The penalty for noncompliance cannot exceed the national average premium for bronze-level-qualified health plans offered through exchanges (for the relevant family size). Any penalty that taxpayers are required to pay must be included in their return for the taxable year.

Some people qualify for an exemption from the fine, based on income or other factors. For more information, visit www.healthcare.gov/exemptions

Prohibits plans and insurers from imposing lifetime limits on the dollar value of essential health benefits.
All non-grandfathered plans that cover EHBs must limit out-of-pocket member expenses for in-network EHBs. In 2014, a plan’s charges cannot exceed $6,350 for self-only coverage and $12,700 for family coverage. In 2015, a plan’s charges cannot exceed $6,600 for self-only coverage and $13,200 for family coverage.
A group health plan cannot apply any waiting period that exceeds 90 days.
Prohibits plans from imposing a pre-existing condition exclusion on enrollees.
Requires plans to provide certain preventive health services without cost sharing, such as copay, coinsurance or deductibles, when delivered by a network provider.
Small businesses may be eligible to participate in the SHOP Marketplace. In order to qualify, a business must be located in a SHOP service area, have at least one eligible employee on payroll, have no more than 50 FTE on payroll, and offer coverage to all full-time employees (based on 30-hour work week). For more information visit https://www.healthcare.gov/how-do-i-apply-for-coverage-in-the-shop-marketplace/
Small businesses may be eligible for a tax credit up to 50% of group plan premium paid. In order to qualify, the small business must have an average of fewer than 25 FTEs (based on a 40-hour work week), have average annual employee wages below $50,000, pay at least 50% of the cost of each employee’s health insurance, and must purchase coverage through the SHOP. A business may claim the tax credit for two consecutive tax years beginning 2014.
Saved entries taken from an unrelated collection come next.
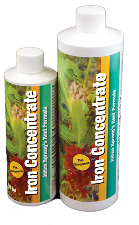 Two Little Fishies Iron Concentrate is a solution that contains the elements iron and manganese, which are essential to the health of all plants, including the symbiotic zooxanthellae in corals and sea anemones, and sea-grasses. Two Little Fishies Iron Concentrate safely replenishes iron and manganese in the proper ratio, which helps maintain optimum water quality for the growth of corals and the macro algae that are commonly cultivated in refugium aquariums.
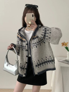 费尔岛重工提花连帽开衫毛衣女2025秋冬新款韩系慵懒风针织外套厚
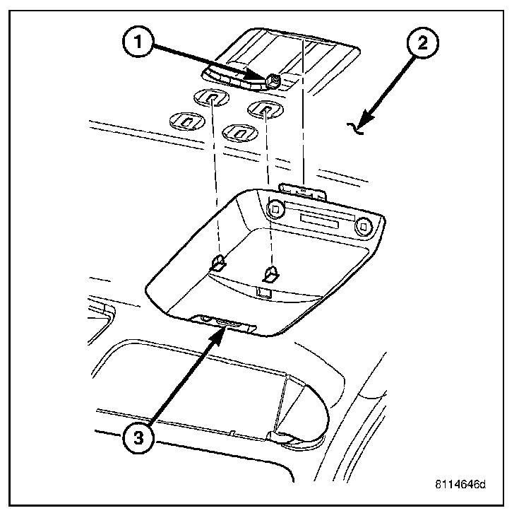 3. Using a trim stick, press the retaining clip at the rear of the monitor (3). Move the monitor from side to side to release from headliner (2).
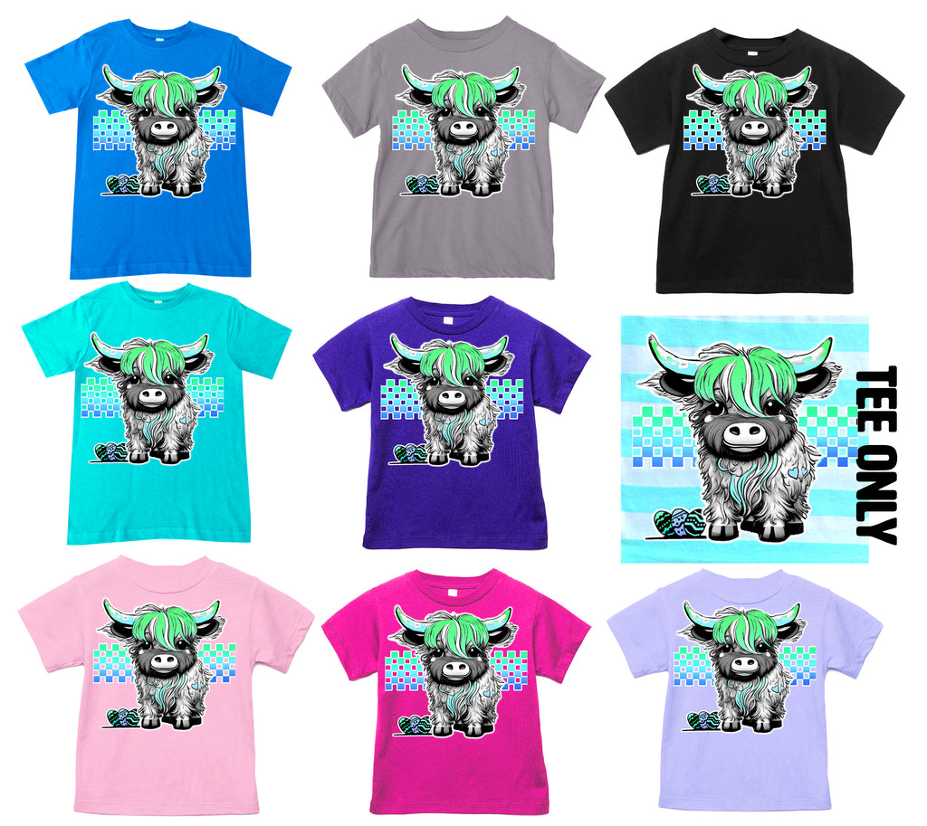 Easter Highland Cow (green version) Tees (Infant to Adult)
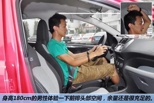 奔奔MINI的整車尺寸為3580*1570*1490mm,軸距則達到了2345mm,與QQ、F0、熊貓等同級車相當。這樣的軸距加上1490mm的車高,一般身高的乘客坐在其中都不會感覺到局促,能夠滿足日常使用的舒適度要求。
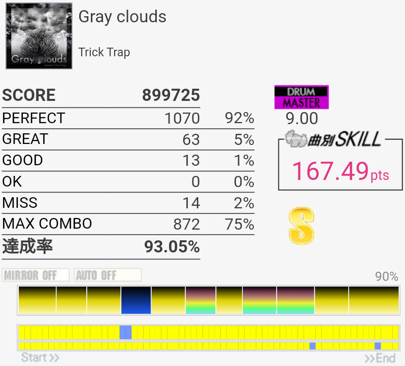 ラスト苦手すぎる。この時は判定が合わない原因がわからなくて判定タイミングを表示していたけれど見づらくて画面の上の方見てた。逆効果じゃないかな。
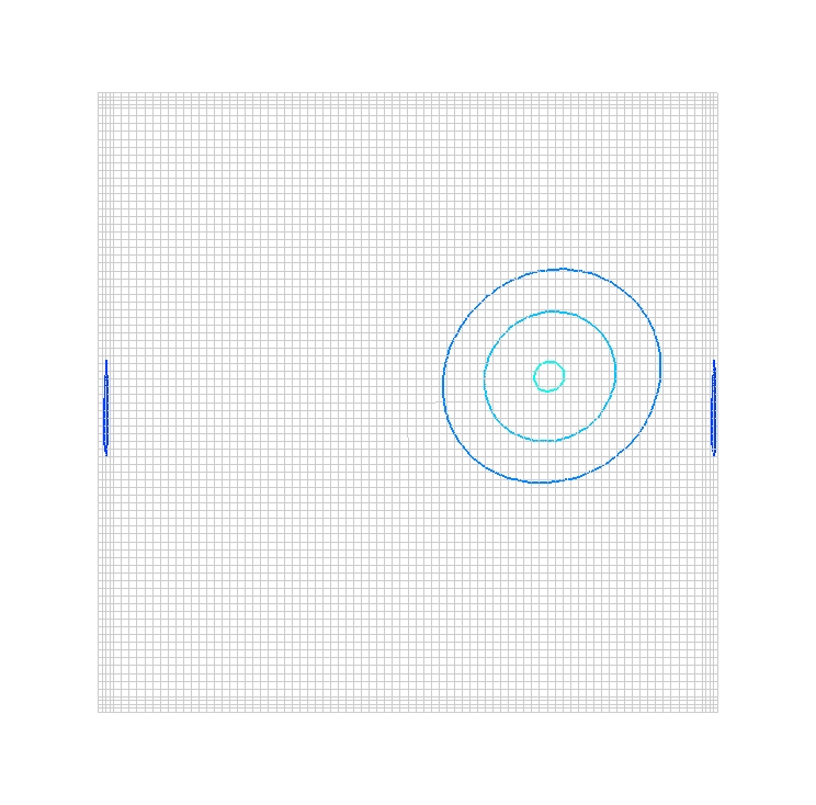 The initial flow conditions are generated by the program makeq.f, which generates the initial vortex on the above grid, mkgrid.fmt.x and writes a Plot3d solution file (formatted, single-zone,whole, three-dimensional) named vortexic.fmt.q for the initial solution. This Plot3d solution file is converted to the common solution file (*.cfl) format using the CFCNVT utility. This is done using the command
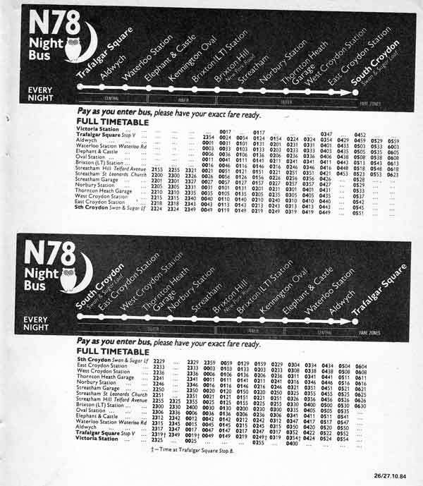 VICTORIA GARAGE ( meal relief journeys ) - TRAFALGAR SQUARE - SOUTH CROYDON Swan & Sugar Loaf ( Nightly )
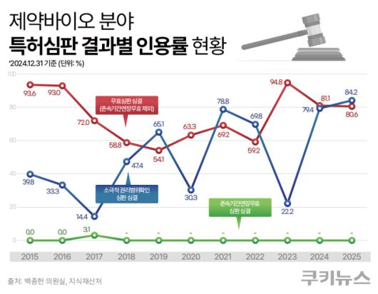 20일 쿠키뉴스가 백종헌 국민의힘 의원실을 통해 입수한 지식재산처 자료에 따르면 2015년부터 2025년까지 최근 10년간 제약바이오 분야 특허심판 결과, 존속기간 연장무효를 제외한 무효심판 심결과 소극적 권리범위확인심판 심결의 연 평균 인용률이 각각 56.47%, 81.97%에 달하는 것으로 나타났다.
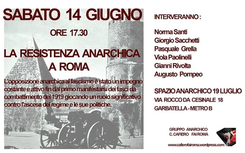 [2025-06-14] La Resistenza anarchica a Roma @ Spazio Anarchico 19 Luglio

The tax credit is phased out based on the size and annual salary of its employees. For example, a business with an average of 10 FTEs with annual salary of $25,000 will be eligible for a greater portion of tax credit than a business with an average of 24 FTEs with annual salary of $40,000. For more information visit https://www.healthcare.gov/small-business-tax-credit-calculator/

Requires insurers and health plans to provide members with a uniform summary of benefits outlining coverage. Generally, the SBC must include what is covered by the plan, what is not covered by the plan, cost-sharing provisions and exclusions, and coverage examples. An SBC represents an overview of coverage; it is not an exhaustive list of what is covered or what is excluded. The full terms of coverage are located in the insurance policy.

SBCs must be provided to members at specific times, including at enrollment, at renewal, at special enrollment, prior to an off-renewal plan change, and upon member request.

Expands coverage pertaining to women’s preventive services, contraceptives and breastfeeding. Under the ACA, certain preventive health services are covered without patient cost share when using a network provider.